Como primera dama, Onassis fue también una gran mecenas de las artes. Además de los funcionarios, diplomáticos y hombres de Estado que solían asistir a las cenas de Estado, Onassis invitaba a los principales escritores, artistas, músicos y científicos del país a mezclarse con sus políticos más importantes. El gran violinista Isaac Stern escribió a Onassis después de una de esas cenas: «Sería difícil decirle lo refrescante y alentador que es encontrar una atención y un respeto tan serios por las artes en la Casa Blanca. Para muchos de nosotros es uno de los acontecimientos más emocionantes del actual panorama cultural estadounidense.

Además, Onassis viajaba con frecuencia al extranjero, tanto con el presidente como en solitario, y su profundo conocimiento de las culturas e idiomas extranjeros (hablaba con fluidez francés, español e italiano) contribuyó a cosechar buena voluntad hacia Estados Unidos. Fue tan bien recibida en Francia que el presidente Kennedy se presentó como «el hombre que acompañó a Jacqueline Kennedy a París». El asesor presidencial Clark Clifford escribió a Onassis: «De vez en cuando, una persona captura la imaginación de la gente de todo el mundo. Usted lo ha hecho; y lo que es más importante, gracias a su amabilidad y tacto, ha transformado este raro logro en un activo increíblemente importante para esta nación.

Asesinato de JFK

El 22 de noviembre de 1963, Onassis viajaba junto al presidente en un Lincoln Continental descapotable ante una multitud que lo aclamaba en Dallas, Texas, cuando Lee Harvey Oswald le disparó y mató, enviando a Onassis a la edad de 34 años. La compostura estoica de la primera dama con su traje rosa manchado de sangre se convirtió en el símbolo del luto nacional. También fue Onassis quien, tras la muerte del presidente, proporcionó una metáfora de la administración de su marido que ha permanecido como símbolo duradero: Camelot, el idílico castillo del legendario Rey Arturo. «Habrá grandes presidentes de nuevo», dijo Onassis, «pero nunca habrá otro Camelot». Sin embargo, éste murió sólo siete años después, en 1975, dejando a Onassis viuda por segunda vez.

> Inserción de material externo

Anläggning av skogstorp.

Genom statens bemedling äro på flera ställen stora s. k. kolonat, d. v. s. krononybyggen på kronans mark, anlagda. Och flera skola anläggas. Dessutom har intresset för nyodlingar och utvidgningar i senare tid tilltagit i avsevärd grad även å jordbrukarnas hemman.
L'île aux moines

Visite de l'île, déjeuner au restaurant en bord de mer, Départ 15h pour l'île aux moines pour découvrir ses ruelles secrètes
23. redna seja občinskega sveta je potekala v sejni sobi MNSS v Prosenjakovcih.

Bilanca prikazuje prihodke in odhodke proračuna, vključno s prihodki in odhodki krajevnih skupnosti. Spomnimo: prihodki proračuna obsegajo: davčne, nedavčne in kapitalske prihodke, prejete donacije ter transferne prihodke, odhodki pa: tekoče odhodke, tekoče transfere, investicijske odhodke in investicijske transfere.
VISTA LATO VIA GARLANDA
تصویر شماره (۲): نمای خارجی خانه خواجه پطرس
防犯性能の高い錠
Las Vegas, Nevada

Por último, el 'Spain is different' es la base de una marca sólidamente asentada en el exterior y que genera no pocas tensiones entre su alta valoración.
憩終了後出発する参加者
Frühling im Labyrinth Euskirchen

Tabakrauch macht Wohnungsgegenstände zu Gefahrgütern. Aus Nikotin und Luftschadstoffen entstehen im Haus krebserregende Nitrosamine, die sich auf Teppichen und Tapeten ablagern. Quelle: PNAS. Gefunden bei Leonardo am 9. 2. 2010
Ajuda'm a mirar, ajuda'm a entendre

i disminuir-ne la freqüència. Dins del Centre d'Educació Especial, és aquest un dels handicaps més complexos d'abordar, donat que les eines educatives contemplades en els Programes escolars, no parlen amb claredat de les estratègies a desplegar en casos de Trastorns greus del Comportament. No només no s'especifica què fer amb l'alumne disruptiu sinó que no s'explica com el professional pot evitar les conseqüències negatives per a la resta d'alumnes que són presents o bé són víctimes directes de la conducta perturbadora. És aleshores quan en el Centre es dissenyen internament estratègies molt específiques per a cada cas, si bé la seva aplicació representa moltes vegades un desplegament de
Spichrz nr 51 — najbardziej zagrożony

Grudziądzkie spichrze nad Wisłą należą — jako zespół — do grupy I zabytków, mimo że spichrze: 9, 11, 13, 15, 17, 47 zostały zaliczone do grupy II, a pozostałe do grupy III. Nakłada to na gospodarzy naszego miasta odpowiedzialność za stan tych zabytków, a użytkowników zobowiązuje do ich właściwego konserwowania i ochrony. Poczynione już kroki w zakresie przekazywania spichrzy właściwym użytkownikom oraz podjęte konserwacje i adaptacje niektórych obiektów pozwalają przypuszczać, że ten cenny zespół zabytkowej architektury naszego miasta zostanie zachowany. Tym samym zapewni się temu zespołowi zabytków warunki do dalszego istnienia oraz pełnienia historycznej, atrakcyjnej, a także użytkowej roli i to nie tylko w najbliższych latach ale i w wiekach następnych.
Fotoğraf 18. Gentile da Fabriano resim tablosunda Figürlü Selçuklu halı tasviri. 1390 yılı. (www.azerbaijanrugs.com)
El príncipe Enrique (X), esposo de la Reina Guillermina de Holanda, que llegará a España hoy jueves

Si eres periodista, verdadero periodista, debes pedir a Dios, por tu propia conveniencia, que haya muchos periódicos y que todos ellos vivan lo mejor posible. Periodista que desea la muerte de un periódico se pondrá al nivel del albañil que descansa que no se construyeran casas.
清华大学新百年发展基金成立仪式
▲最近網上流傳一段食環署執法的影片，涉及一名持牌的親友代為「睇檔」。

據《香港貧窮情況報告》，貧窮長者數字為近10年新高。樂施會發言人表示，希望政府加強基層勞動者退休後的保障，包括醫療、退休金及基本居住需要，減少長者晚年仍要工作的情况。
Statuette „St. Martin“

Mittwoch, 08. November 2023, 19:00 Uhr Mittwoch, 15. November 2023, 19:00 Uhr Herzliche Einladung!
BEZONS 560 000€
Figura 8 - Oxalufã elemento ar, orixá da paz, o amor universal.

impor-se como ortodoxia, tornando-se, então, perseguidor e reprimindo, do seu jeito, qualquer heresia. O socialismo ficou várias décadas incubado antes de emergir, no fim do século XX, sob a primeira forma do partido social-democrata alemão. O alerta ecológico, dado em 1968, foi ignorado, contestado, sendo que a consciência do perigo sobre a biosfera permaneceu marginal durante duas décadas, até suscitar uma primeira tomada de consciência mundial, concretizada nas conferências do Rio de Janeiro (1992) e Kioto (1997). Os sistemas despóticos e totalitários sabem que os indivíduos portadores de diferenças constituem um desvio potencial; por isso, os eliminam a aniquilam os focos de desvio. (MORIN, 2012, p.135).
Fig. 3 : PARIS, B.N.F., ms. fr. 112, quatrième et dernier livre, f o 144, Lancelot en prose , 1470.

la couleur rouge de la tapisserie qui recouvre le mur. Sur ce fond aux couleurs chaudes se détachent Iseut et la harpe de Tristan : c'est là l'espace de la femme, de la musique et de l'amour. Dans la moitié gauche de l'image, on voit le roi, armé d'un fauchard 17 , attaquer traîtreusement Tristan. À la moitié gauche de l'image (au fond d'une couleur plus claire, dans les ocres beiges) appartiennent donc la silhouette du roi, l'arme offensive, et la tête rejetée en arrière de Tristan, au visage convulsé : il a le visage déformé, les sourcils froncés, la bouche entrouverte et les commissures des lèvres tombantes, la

Tras la muerte de su segundo marido, Onassis retomó la prometedora carrera que había quedado en suspenso cuando se casó con Kennedy. Entró a trabajar como editora en la editorial Viking Press de Nueva York y luego se trasladó a Doubleday, donde ocupó el puesto de editora principal.

Jacqueline Bouvier Kennedy Onassis murió el 19 de mayo de 1994, a la edad de 64 años. Está enterrada junto a la tumba del presidente John F. Kennedy en el Cementerio Nacional de Arlington, que está marcado con la llama eterna.

Onassis sigue siendo considerada una de las primeras damas más queridas e icónicas de la historia de Estados Unidos. A lo largo de su vida, fue una presencia omnipresente en las listas de las mujeres más admiradas y respetadas del mundo. Erudita, bella y de gran clase, Onassis ha llegado a simbolizar toda una época de la cultura estadounidense. "Ella personificó la elegancia en la era posterior a la Segunda Guerra Mundial" dijo una vez el historiador Douglas Brinkley. "Nunca ha habido una primera dama como Jacqueline Kennedy, no sólo por su belleza, sino porque fue capaz de dar nombre a toda una época"Camelot" … ninguna otra primera dama del siglo XX podrá tener esa aura. Ella'se ha convertido en un icono.